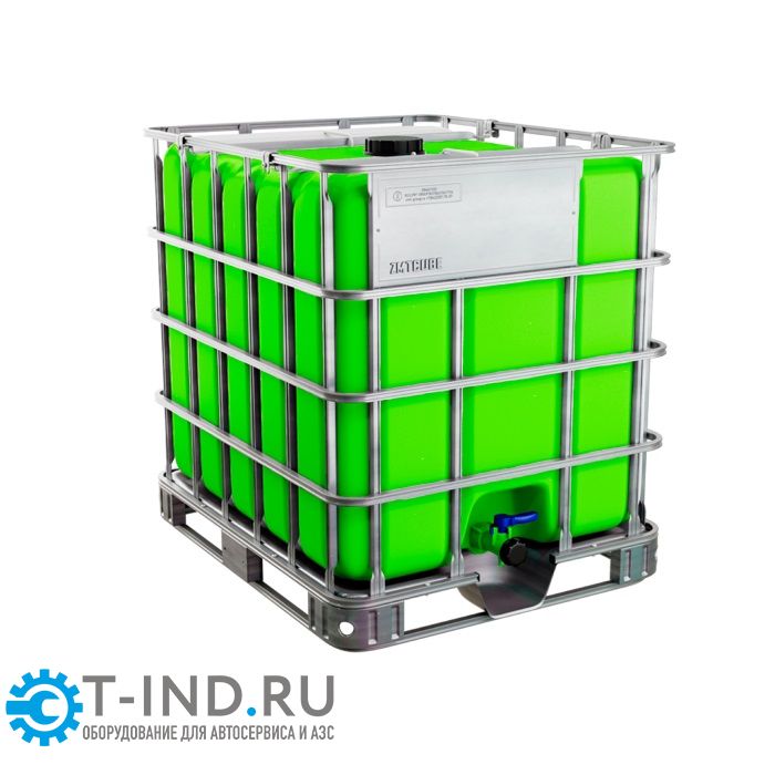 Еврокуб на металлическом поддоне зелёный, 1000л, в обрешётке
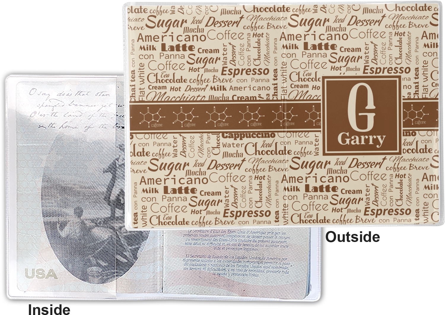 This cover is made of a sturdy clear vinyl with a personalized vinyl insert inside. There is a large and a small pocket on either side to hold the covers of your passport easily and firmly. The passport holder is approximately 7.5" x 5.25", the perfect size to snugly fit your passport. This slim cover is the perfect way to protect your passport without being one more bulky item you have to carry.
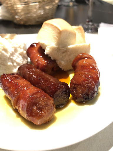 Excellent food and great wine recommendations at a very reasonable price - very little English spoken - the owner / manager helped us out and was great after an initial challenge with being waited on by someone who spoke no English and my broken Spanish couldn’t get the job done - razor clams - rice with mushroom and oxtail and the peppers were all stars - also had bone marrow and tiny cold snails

...

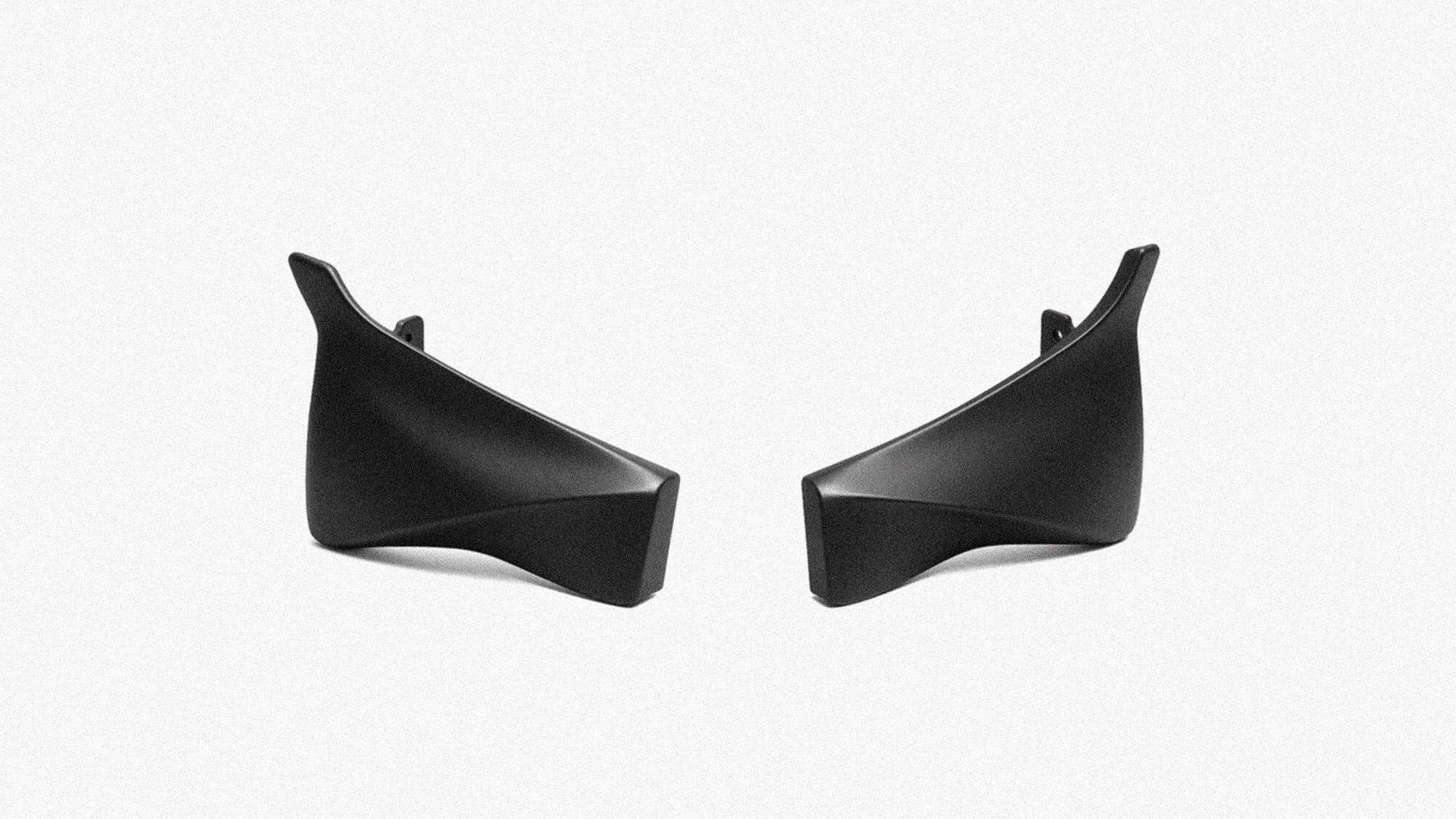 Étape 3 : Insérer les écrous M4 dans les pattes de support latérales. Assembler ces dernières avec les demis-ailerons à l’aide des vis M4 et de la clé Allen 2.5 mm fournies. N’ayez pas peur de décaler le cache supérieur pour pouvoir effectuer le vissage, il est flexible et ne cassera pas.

» Task to complete:
All that should appear in the answer is the lines above from the line with "This cover is" through the line with "Excellent food and", retyped exactly, pictures left out.

» Answer space:
 This cover is made of a sturdy clear vinyl with a personalized vinyl insert inside. There is a large and a small pocket on either side to hold the covers of your passport easily and firmly. The passport holder is approximately 7.5" x 5.25", the perfect size to snugly fit your passport. This slim cover is the perfect way to protect your passport without being one more bulky item you have to carry.
 Excellent food and great wine recommendations at a very reasonable price - very little English spoken - the owner / manager helped us out and was great after an initial challenge with being waited on by someone who spoke no English and my broken Spanish couldn’t get the job done - razor clams - rice with mushroom and oxtail and the peppers were all stars - also had bone marrow and tiny cold snails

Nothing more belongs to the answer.